▸ PROBLEM TO WORK ON: Your copy should match the records exactly, apart from the pictures, which stay out.

+ + + +

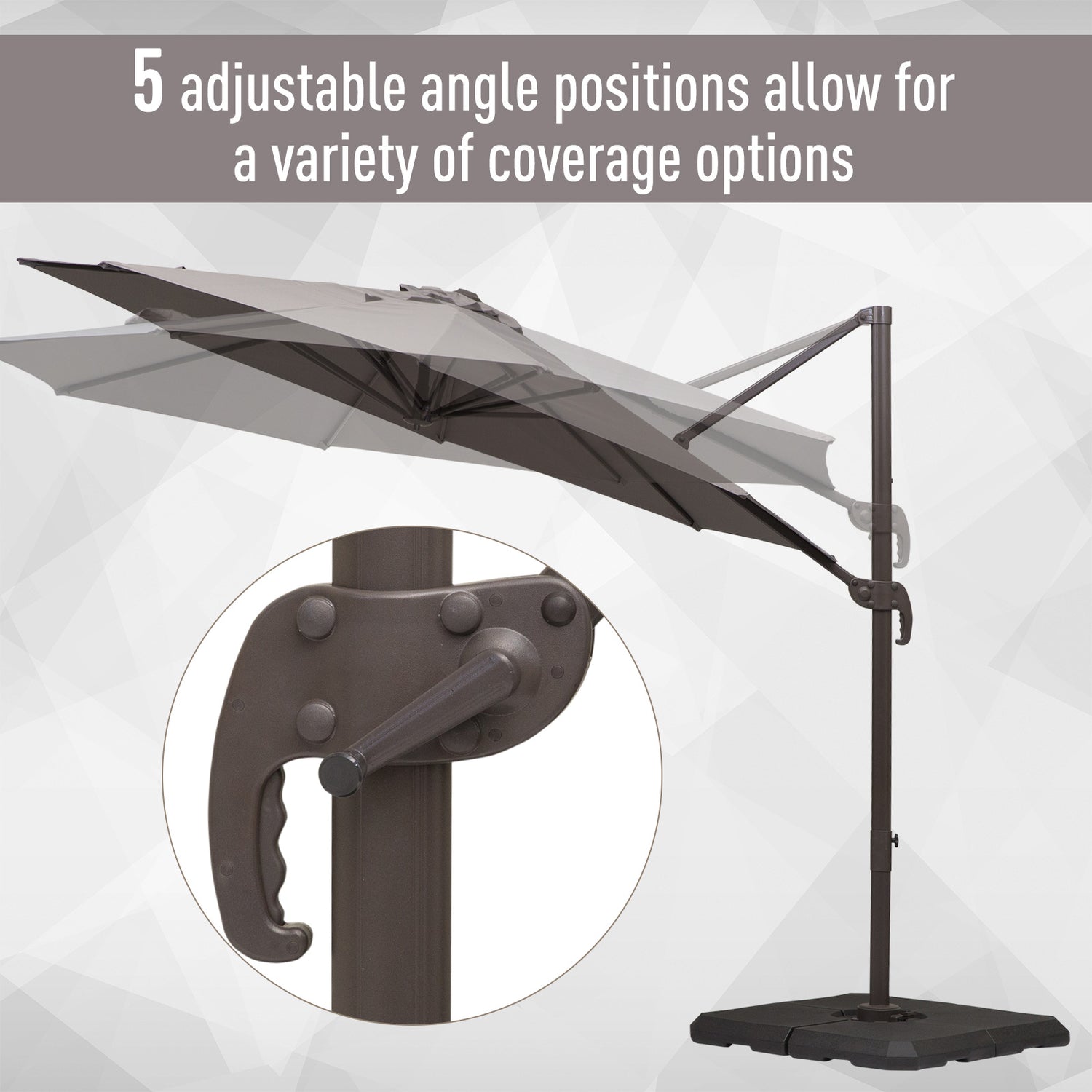 - The cantilever patio parasol rotates 360 degrees and can be tilted to various angles to suit you
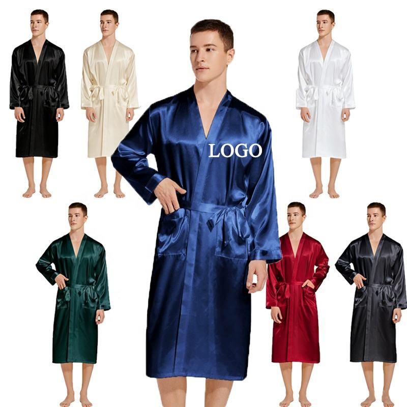 Batas de satén lisas y sexys de talla grande personalizadas, kimono largo, ropa de dormir, camisón, ropa de dormir para hombre, albornoz para hombre
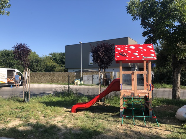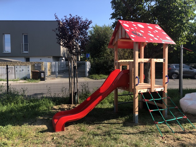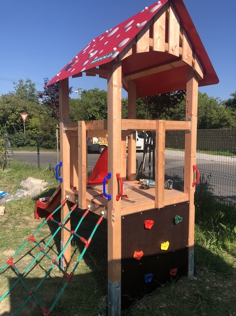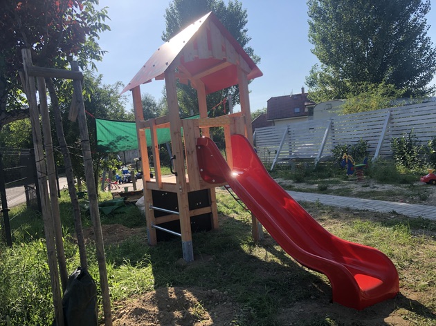 Milé rodinky, na ihrisko nám pribudla ďalšia atrakcia - domček so šmykľavkou pre menšie deti.
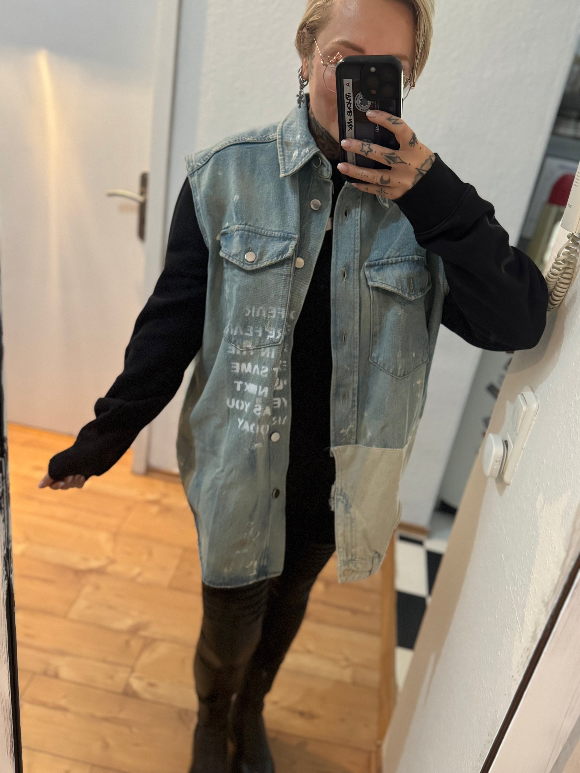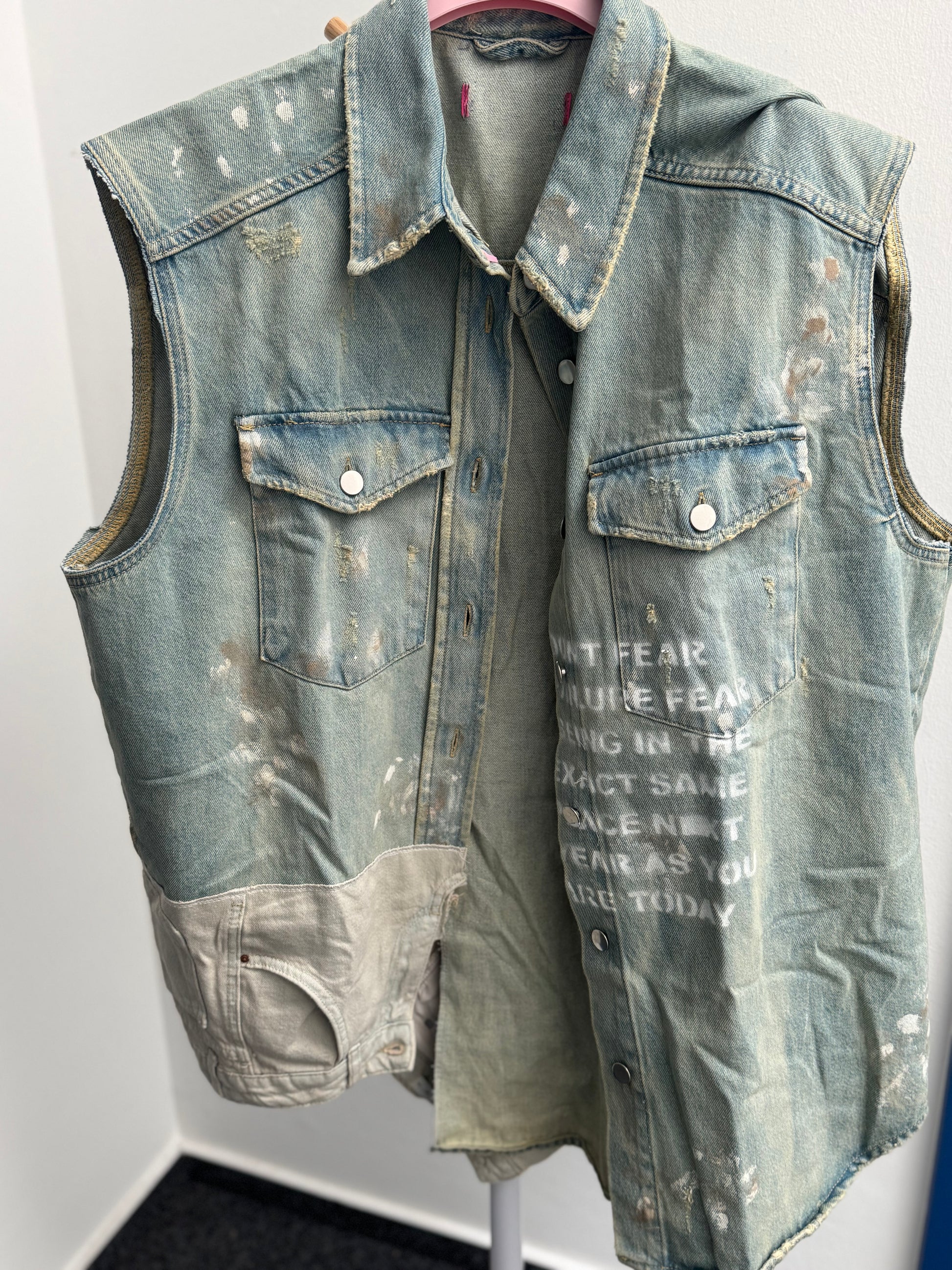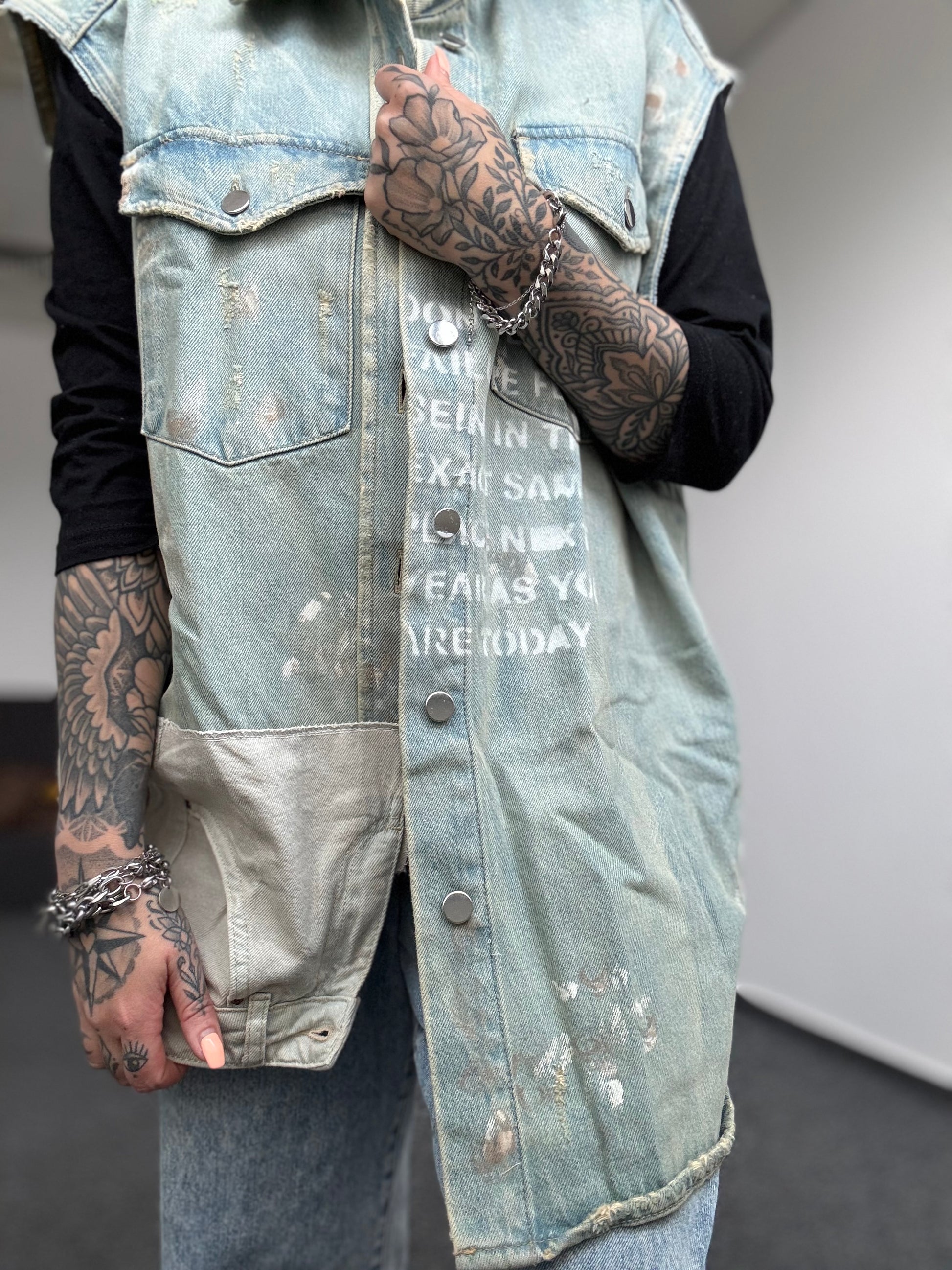 Jede einzelne Weste ist ein Unikat, da Waschung, Bemalungen und Details immer leicht variieren –> genau das macht sie so besonders.
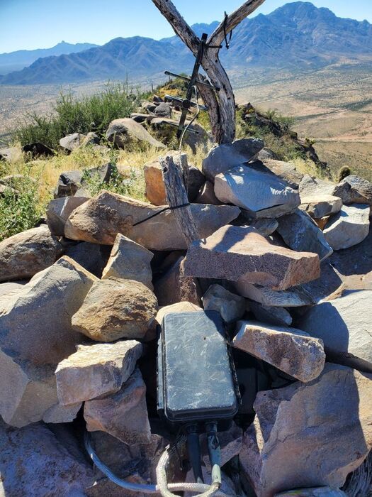At the high point looking at the rock pile containing a solar powered antenna, and registry. Kitt peak and coyote mountain to the South.
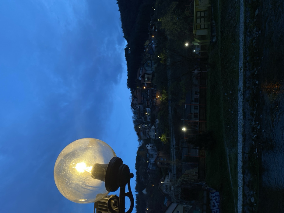 The image captures an urban twilight or nighttime scene in Uzice, Serbia. The foreground, upper left, prominently features an illuminated spherical streetlamp, visibly dirty, emitting warm yellow light. Below the lamp, a dark body of water, likely a river, flows with faint reflections on its surface. The immediate riverbank on the left exhibits a stone or concrete structure with graffiti markings on a lower wall, leading to a grassy area. The midground consists of a level grassy plot containing several modern-style streetlights, which are actively illuminated, casting pools of light. A small, dark coniferous tree stands within this area. Behind the grassy plot, low-rise buildings, some partially obscured, are visible, bordered by a fence. On the midground's right, a yellow utility box or small structure is present. The background features a steep hillside densely covered with numerous residential houses. Many of these houses display illuminated windows or individual exterior lights, indicating occupancy. Above the residential area, the hillside ascends into a dark, tree-covered natural landscape, silhouetted against a dark blue, heavily clouded sky. No individuals or specific actions are discernible.

+ + + +

▸ REPLY:
 - The cantilever patio parasol rotates 360 degrees and can be tilted to various angles to suit you
 Batas de satén lisas y sexys de talla grande personalizadas, kimono largo, ropa de dormir, camisón, ropa de dormir para hombre, albornoz para hombre
 Milé rodinky, na ihrisko nám pribudla ďalšia atrakcia - domček so šmykľavkou pre menšie deti.
 Jede einzelne Weste ist ein Unikat, da Waschung, Bemalungen und Details immer leicht variieren –> genau das macht sie so besonders.
At the high point looking at the rock pile containing a solar powered antenna, and registry. Kitt peak and coyote mountain to the South.
 The image captures an urban twilight or nighttime scene in Uzice, Serbia. The foreground, upper left, prominently features an illuminated spherical streetlamp, visibly dirty, emitting warm yellow light. Below the lamp, a dark body of water, likely a river, flows with faint reflections on its surface. The immediate riverbank on the left exhibits a stone or concrete structure with graffiti markings on a lower wall, leading to a grassy area. The midground consists of a level grassy plot containing several modern-style streetlights, which are actively illuminated, casting pools of light. A small, dark coniferous tree stands within this area. Behind the grassy plot, low-rise buildings, some partially obscured, are visible, bordered by a fence. On the midground's right, a yellow utility box or small structure is present. The background features a steep hillside densely covered with numerous residential houses. Many of these houses display illuminated windows or individual exterior lights, indicating occupancy. Above the residential area, the hillside ascends into a dark, tree-covered natural landscape, silhouetted against a dark blue, heavily clouded sky. No individuals or specific actions are discernible.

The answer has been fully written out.